Professeur en Information et communication

Arnaud Mercier, interview, école numérique 37

Arnaud Mercier

Lauréat de l'IEP de Paris et docteur en science politique, il est professeur en Information et communication et directeur des études à l’Institut Français de Presse (université Paris2 Assas).
Premier président du site d'information The Conversation France, créateur d’une licence professionnelle en webjournalisme à Metz dès 2009, il est l'auteur de nombreuses publications académiques sur les évolutions numériques du journalisme, la communication politique, le traitement journalistique de l'actualité, et l'usage des réseaux socionumériques par les citoyens, les politiques et les journalistes.

Comment s’informent les jeunes d’aujourd’hui ?

Beaucoup de jeunes s’informent en combinant en priorité l’internet et la télévision. Les grandes radios généralistes et la presse écrite deviennent les grands absents de leur bouquet d’information. Sur internet, l’accès à l’information passe d’abord par les réseaux socionumériques, en mélangeant allègrement des messages provenant de médias ayant acquis une notoriété, avec des messages venant de nos pairs et/ou de sites pas toujours très fiables, sans qu’une hiérarchisation claire se dessine chez certains jeunes internautes. A la télévision, ce sont surtout les chaînes d’information continue qui captent l’attention. 

En quoi cette nouvelle façon de s’informer n’est pas neutre ?

Trois éléments principaux sont à mettre en exergue dans ce nouvel écosystème socionumérique de l’information.
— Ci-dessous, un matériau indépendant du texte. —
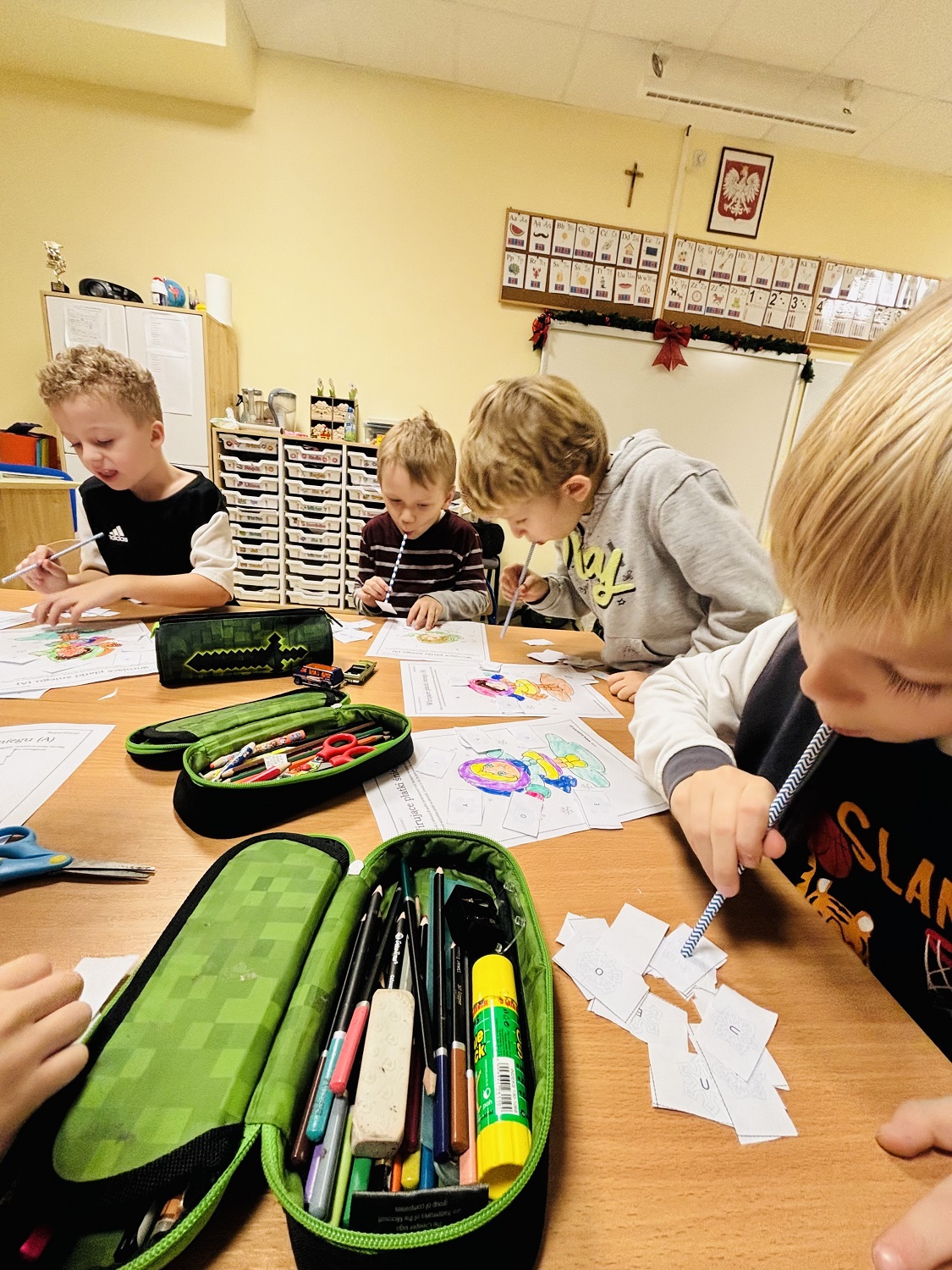 Podczas zajęć projektowych z komunikacji przenieśliśmy się w zimowy, bajkowy świat. Dzieci z dużym zaangażowaniem brały udział w ćwiczeniach, które łączyły naukę z zabawą i zimową tematyką.

  1. Les réseaux socionumériques représentent une désintermédiation journalistique. Les internautes considèrent qu’on peut arriver à se passer de la médiation obligée de journalistes pour accéder à l’information, car ils ont accès directement à des sites ou des blogs plus ou moins amateurs qui sont susceptibles de leur offrir l’information que les publics de ces sites veulent entendre, notamment parce que cela conforte leurs opinions acquises. Plein de biais cognitifs sont activés qui nous font traiter l’information reçue de façon mal appropriée, comme par exemple croire à une “information” reçue plus parce qu’on fait confiance à “l’ami” qui nous l’adresse que parce qu’on connaît et estime la source journalistique qui a produit le contenu.
  2. En conséquence les risques de confusion des sources s’accroissent. Un contenu d’un blog douteux peut-être mis sur le même plan dans l’esprit des jeunes internautes qu’un article issu d’un journal de qualité. On assiste à une déhiérarchisation de l’information, où tout semble se valoir, alors que des sites médias respectent des règles professionnelles et déontologiques de traitement de l’information avant de publier, gages de qualité, ce qui n’est pas la cas de toute une série de sites dont les contenus publiés sont au mieux approximatifs, au pire mensongers et manipulateurs.
  3. L’accès aux sites d’information à la suite d’un clic effectué sur un message reçu sur son fil Twitter ou Facebook, génère pas mal d’incertitudes dans l’esprit des internautes sur la valeur de cette source, avec une méconnaissance parfois sidérante de la ligne éditoriale du journal sur lequel ils arrivent par le hasard des recommandations reçues. En conséquence, émerge une délinéarisation de la consommation d’information sur les sites de médias, puisqu’on y accède par bribes, au hasard, sans connaissance préalable claire des options idéologiques et des orientations éditoriales du site. On ne perçoit pas la totalité de la ligne éditoriale du journal, ni même la totalité des sujets traités dans une même édition, ce qui génère des contresens, des incompréhensions, etc.  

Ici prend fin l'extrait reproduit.